Awesome Lists containing this project

README

        

# geo-index

[![crates.io version][crates.io_badge]][crates.io_link]
[![docs.rs docs][docs.rs_badge]][docs.rs_link]
[![PyPI][pypi_badge]][pypi_link]

[crates.io_badge]: https://img.shields.io/crates/v/geo-index.svg
[crates.io_link]: https://crates.io/crates/geo-index
[docs.rs_badge]: https://docs.rs/geo-index/badge.svg
[docs.rs_link]: https://docs.rs/geo-index
[pypi_badge]: https://badge.fury.io/py/geoindex-rs.svg
[pypi_link]: https://pypi.org/project/geoindex-rs/

A Rust crate and [Python library](https://kylebarron.dev/geo-index/latest/) for packed, immutable, zero-copy spatial indexes.

## Features

- **An R-tree and k-d tree written in safe rust.**
- **Fast.** Because of optimizations available by using immutable indexes, tends to be faster than dynamic implementations like [`rstar`](https://github.com/georust/rstar).
- **Memory efficient.** The index is fully _packed_, meaning that all nodes are at full capacity (except for the last node at each tree level).
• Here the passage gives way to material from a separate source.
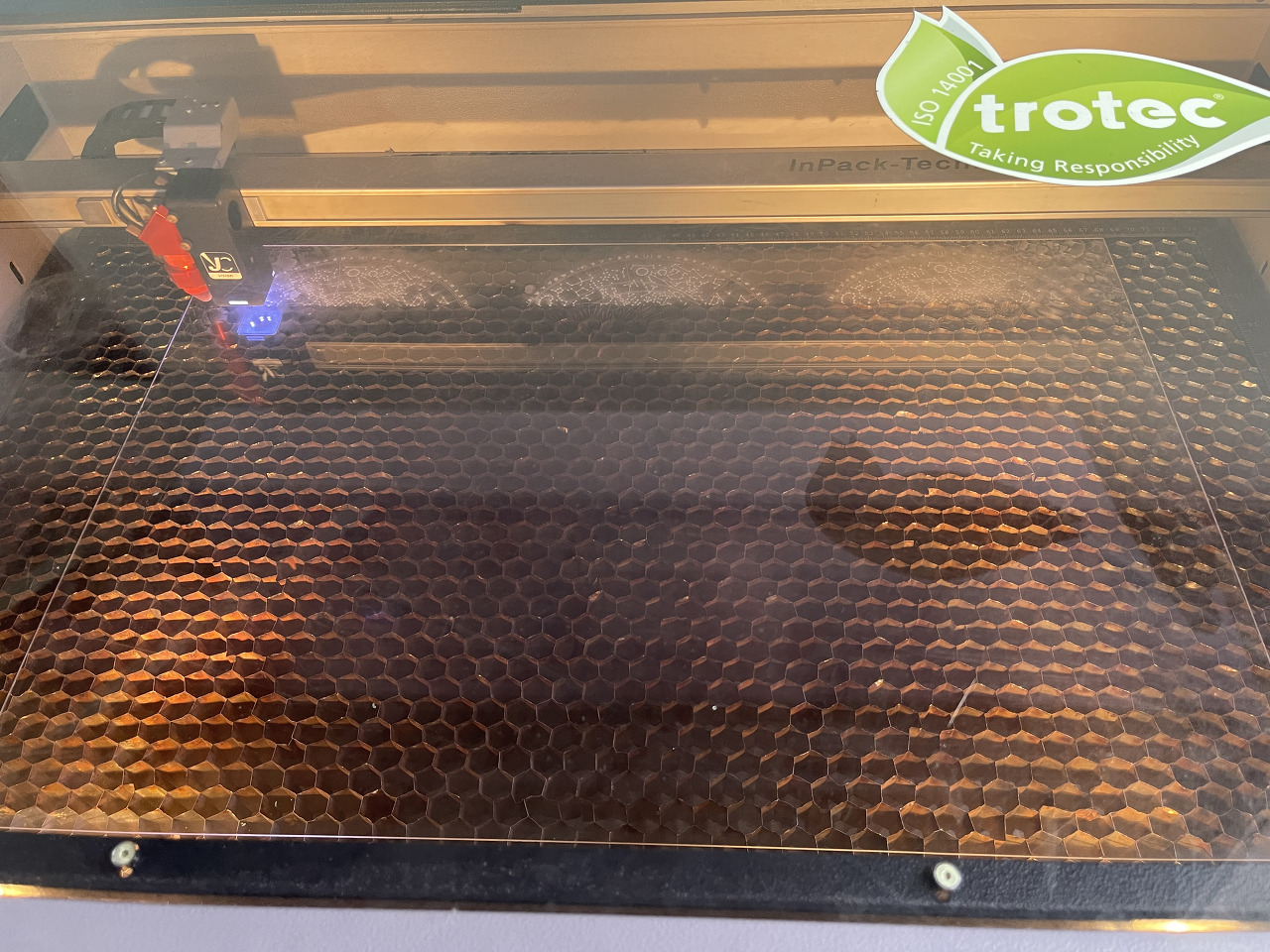 큰 사이즈로 최대 6개가 들어갈 것으로 생각했으나 하단 조명 연결되는 부분을 생각못해서 5개가 최대로 들어갑니다. 그리고 1회 인그레이빙과 커팅을 다 해서 37분정도 걸립니다. 1개 찍을때 23분 걸린 것에 비해 훨씬 많은 작업물이 출력되어 생산성향상이 있습니다.

This means the RTree and k-d tree use less memory. And because the index is backed by a single buffer, it exhibits excellent memory locality.
- **Bounded memory**. For any given number of items and node size, you can infer the total memory used by the RTree or KDTree.
- **Multiple R-tree sorting methods.** Currently, [hilbert](https://en.wikipedia.org/wiki/Hilbert_R-tree) and [sort-tile-recursive (STR)](https://ia600900.us.archive.org/27/items/nasa_techdoc_19970016975/19970016975.pdf) sorting methods are implemented, but it's extensible to other spatial sorting algorithms in the future, like [overlap-minimizing top-down (OMT)](https://ceur-ws.org/Vol-74/files/FORUM_18.pdf).
- **ABI-stable:** the index is contained in a single `Vec`, compatible with the [`flatbush`](https://github.com/mourner/flatbush) and [`kdbush`](https://github.com/mourner/kdbush) JavaScript libraries. Being ABI-stable means that the spatial index can be persisted for later use or shared zero-copy between Rust and another program like Python.
- **Generic over a set of coordinate types:** `i8`, `u8`, `i16`, `u16`, `i32`, `u32`, `f32`, `f64`. These are the only coordinate types currently supported to maintain binary compatibility with the upstream JS libraries.
- **Efficient bulk loading.** As an immutable index, _only_ bulk loading is supported.
- Optional `rayon` feature for parallelizing part of the sort in the sort-tile-recursive (`STRSort`) method.

## Drawbacks

- Trees are _immutable_. After creating the index, items can no longer be added or removed.
- Only two-dimensional indexes is supported. This can still be used with higher-dimensional input data as long as it's fine to only index two of the dimensions.
- Queries return insertion indexes into the input set, so you must manage your own collections.
- Only the set of coordinate types that exist in JavaScript are allowed, to maintain FFI compatibility with the reference JavaScript implementations. Hence this does not support other types like `u64`.

## Alternative crates

- [`rstar`](https://github.com/georust/rstar): a dynamic RTree implementation.
- [`kdtree`](https://github.com/mrhooray/kdtree-rs): a dynamic KDTree implementation.
- [`kdbush`](https://github.com/pka/rust-kdbush): a port of `kdbush` but does not strive for FFI-compatibility.
- [`static_aabb2d_index`](https://github.com/jbuckmccready/static_aabb2d_index): a port of `flatbush` but does not strive for FFI-compatibility.
- [`static-bushes`](https://github.com/apendleton/static-bushes): a port of `flatbush` and `kdbush` but does not strive for FFI-compatibility.

## Inspiration

[@mourner](https://github.com/mourner)'s amazing [`flatbush`](https://github.com/mourner/flatbush) and [`kdbush`](https://github.com/mourner/kdbush) libraries are the fastest JavaScript libraries for immutable R-trees and k-d trees. Part of their appeal in the browser is that they're backed by a single, contiguous buffer, and thus can be moved from the main thread to another thread (a [web worker](https://developer.mozilla.org/en-US/docs/Web/API/Web_Workers_API)) [without any copies](https://developer.mozilla.org/en-US/docs/Web/API/Web_Workers_API/Transferable_objects).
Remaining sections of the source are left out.